If you think that’s a toughie, and if you consider yourself an entrepreneur, try these questions:
n What is an equilibrium price?
n How do you compute cost of goods?
n What are productive resources?
If you know the answers, you may be as smart as the average fifth-grader at Farley Elementary in Paducah.
As one of the recent judges of Farley’s Entrepreneurial Fair Competition, I had been introduced to 70-plus budding entrepreneurs by the end of the school day on a recent Friday.
The well-dressed young ladies and gentlemen stood at their school desks and gave a quick sales pitch for their product or service, explained their market research and how they arrived at their price points (equilibrium price), presented highlights of their written business plans, and in many cases displayed a prototype or sample of their product.
The demonstrations were so well-rehearsed and factual, I felt like just a really tall guy in a room full of short entrepreneurial experts. Only occasionally did I snap back into reality when, while watching a very well-produced video commercial for a young lady’s product, I saw a celebrity endorsement from The Jonas Brothers.
Money-making ideas
What do tomorrow’s entrepreneurs see as money-makers?

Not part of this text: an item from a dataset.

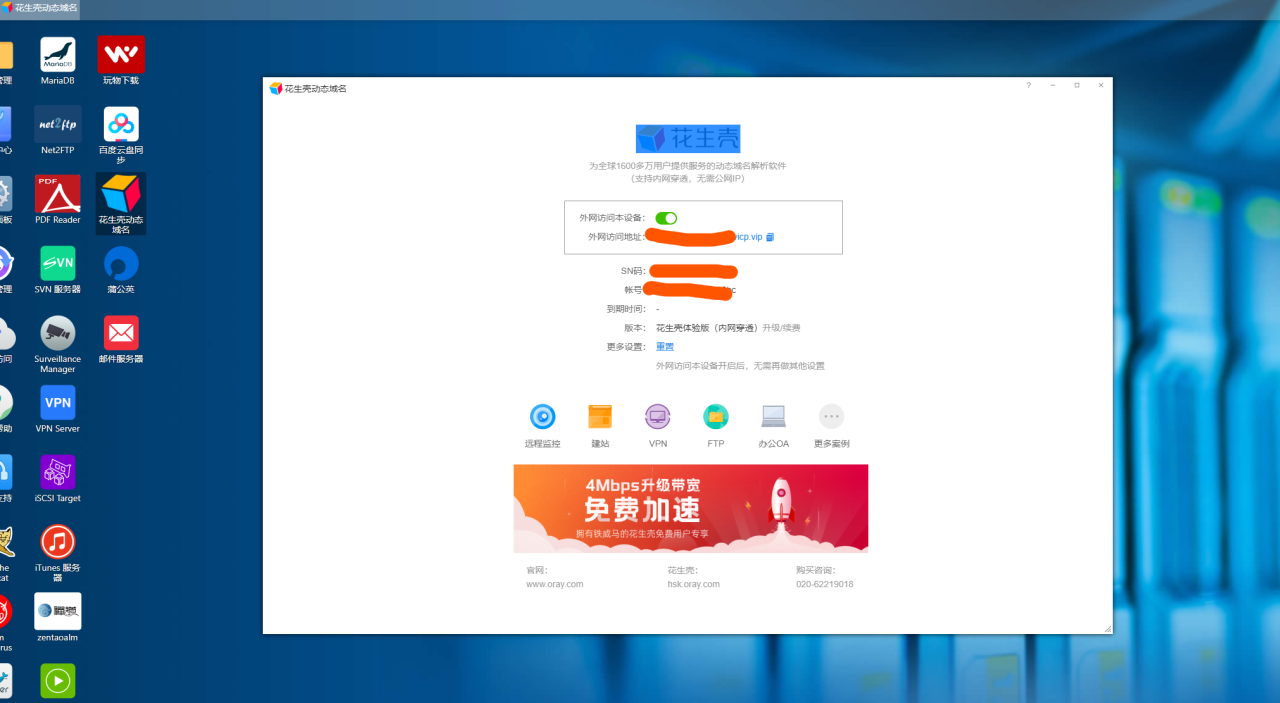 三.使用oray为铁威马开发的花生壳客户端,如下图所示
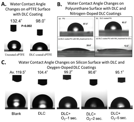 Examples of water contact angle (free surface energy) control with DLC. (A) Water contact angle changes on ePTFE surface with DLC coating (reprinted from [5]) (B); water contact angle changes on polyurethane surface with DLC and nitrogen-doped DLC coatings (reprinted from [13]) (C); water contact angle changes on silicon surface with DLC and oxygen-doped DLC coatings (reprinted from [11]).

I saw several bead and bottlecap bracelets and necklaces, hand-decorated flip-flops, instant photo greeting cards and that timeless classic, food!
Amid some very creative pretzel concoctions, lemonade recipes and cookies, one young man marketed his own (yes, he mixed and baked them himself) chess pies. In consideration of my waistline and to remain a fair business competition judge, I refrained from sampling. But the various flavors of chess pies (and big brown eyes staring up at me) almost had me reaching for a fork. If he’d been about 15 years older — and I was a venture capitalist — we would have struck a deal instantly.
And that’s what it’s all about. Farley fifth-grade teacher Tina Hayes and other economics teachers nationwide are challenging students by teaching them hands-on, practical lessons that go beyond economics as a generic term.
This particular program incorporates so many valuable lessons based on their reading, writing and arithmetic skills, but also as we adults would put it, “They’re teaching them the value of a dollar.”
Lessons from the current economic conditions also registered with some of the entrepreneurs who offered value-added items with their products, as have almost every real-world retailer in recent months.
Life lessons
“My passion is economics,” Hayes said at the end of the long day of coordinating her school’s entrepreneurial fair. “The sooner we introduce the concept to our students, the better.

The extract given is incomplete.